During the past several years, a moderately-sized residential mortgage company in Southern California had been growing steadily into a major player among financial lending institutions. A sizable investment in IT systems helped fuel this growth, and raised the awareness of the importance of assembling a highly proficient IT business-recovery team. The composition of this team was an interesting mixture of IT technical specialists, business analysts, and professional contingency planners. Their charter was to develop and test business and technical recovery plans to enable critical business functions to be restored to full operation in minimal time following a disaster.
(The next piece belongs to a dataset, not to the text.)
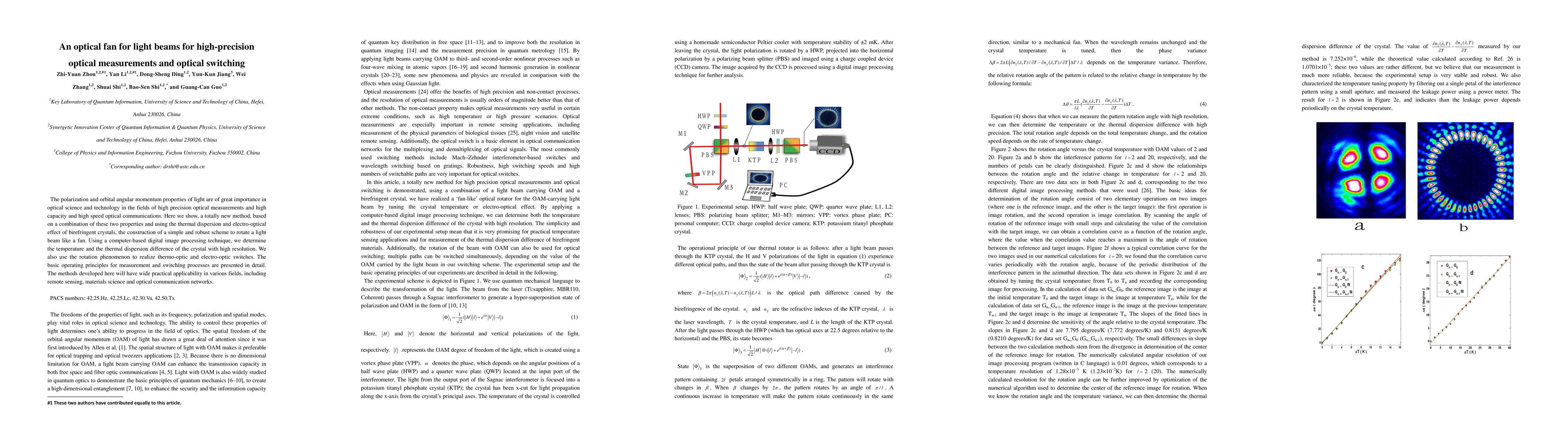 This paper introduces a novel optical fan method for rotating light beams using polarization and orbital angular momentum properties, leveraging thermal dispersion and electro-optical effects in birefringent crystals. The technique enables high-precision optical measurements and optical switching, with potential applications in remote sensing, materials science, and optical communication networks.

One of the most critical of these business functions was the company's asset-management unit. The IT business-continuity team had already developed the business and technical recovery plans for this area, and had conducted a tabletop simulation with business users to validate their plans. The next step was to schedule a full operational-recovery exercise for asset management. Such an exercise would take months of planning to ensure that the test objectives were all identified, agreed upon, and realisticand, most importantly, would not in any way affect production. The exercise was scheduled for November of 2003. Actual events beyond the planners' control resulted in the date moving up by several months.
In late July of 2003, the manager of asset management was preparing for his quarterly meeting with investors. One of the topics he planned to highlight during his presentation was the company's business-recovery capabilities. Little did he know just how real a demonstration the investors would see. The company's IT business-continuity team was about to demonstrate its effectiveness in responding to unplanned events.